As the lucky among us are packing their books for the beach, it’s time to ask: Is multiculturalism just a benign way to broaden our horizons or is multiculturalism, as defined by its advocates, positively pernicious?


Naturally, you’ll want to answer this question before deciding which books to toss into your portmanteau. 


New Criterion editor Roger Kimball argues that multiculturalism, far from pleasant and improving, is hostile to western values.


In a piece headlined “Institutionalizing Our Demise: America versus Multiculturalism,” Kimball  that “what generally travels under the name of ’multiculturalism’ is really a form of mono-cultural animus directed against the dominant culture.”


“In essence,” Kimball continues, “as [historian Samuel] Huntington notes, multiculturalism is ’anti-European’ civilization. ’It is basically an anti-Western ideology.’ The multiculturalists claim to be fostering a progressive cultural cosmopolitanism distinguished by superior sensitivity to the downtrodden and dispossessed. In fact, they encourage an orgy of self-flagellating liberal guilt as impotent as it is insatiable. The ’sensitivity’ of the multiculturalist is an index not of moral refinement but of moral vacuousness. As the French essayist Pascal Bruckner observed, “An overblown conscience is an empty conscience.”

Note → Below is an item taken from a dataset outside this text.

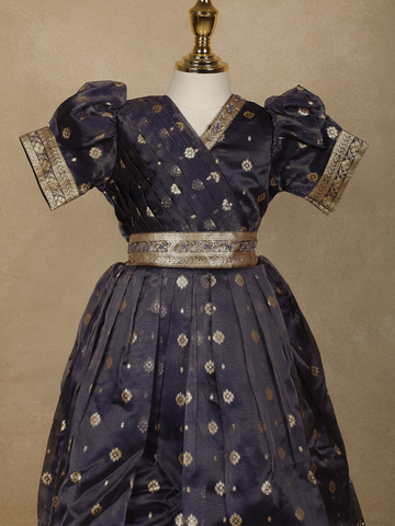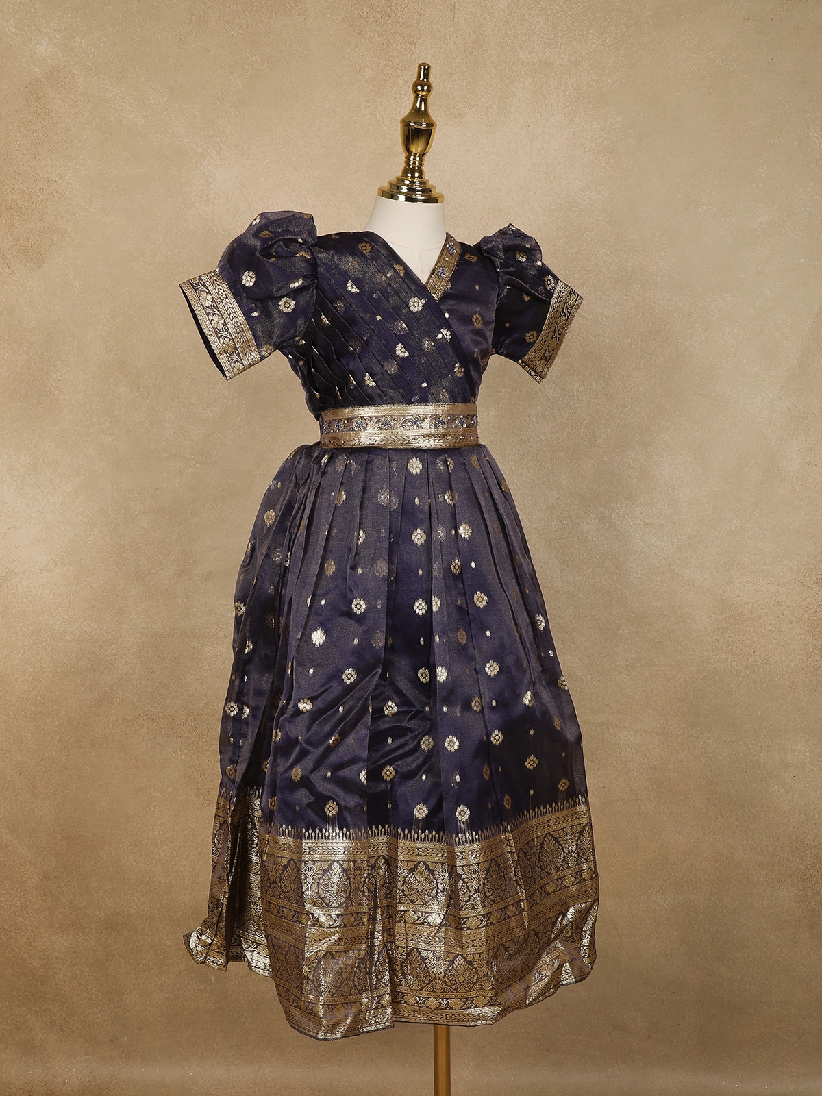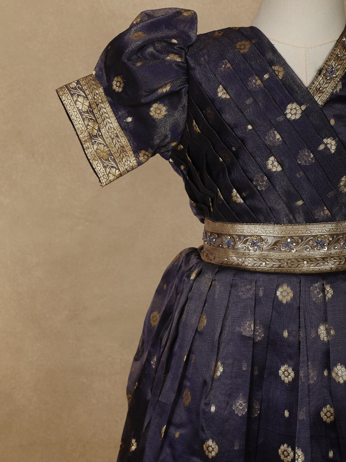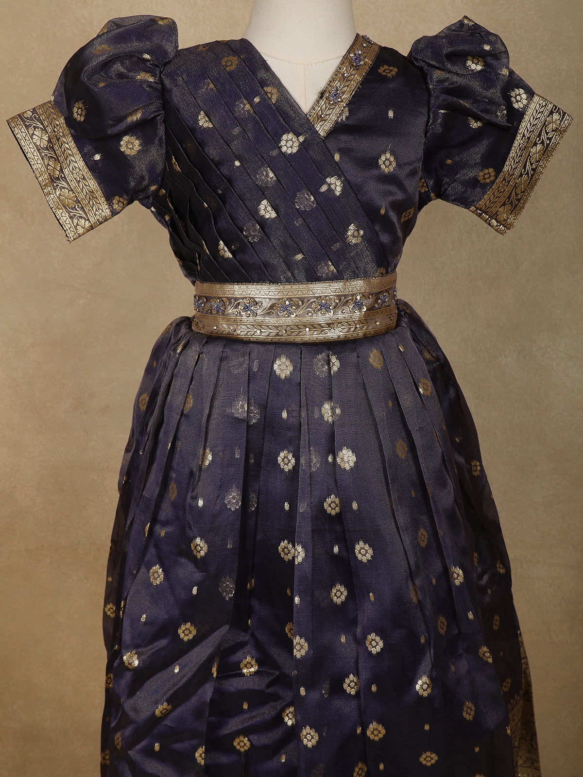Navy Blue Gold Butta Woven Design Banarasi Party Wear Kids Gown

Kimball’s piece is the tenth in a series on America and American institutions in the twenty-first century that will be published as collection this fall by Encounter Books.


Not in time for the beach, alas, but the thoughtful folks at Encounterhttp already have the ideal beach bag book for Inkwell readers–the tantalizingly entitled “Anti-Chomsky Reader,” edited by David Horowitz and Peter Collier.


From the promo copy: “According to the Chicago Tribune, Chomsky is ‘the most cited living author’ and ranks just below Plato and Sigmund Freud among the most cited authors of all time. While acknowledging that he is reviled in some quarters for his ferocious anti-Americanism and cavalier relationship with the factual record, a recent New Yorker profile calls Chomsky ‘one of the greatest minds of the 20th century.'”  


Inkwell loves the idea of an anti-reader about an anti-American!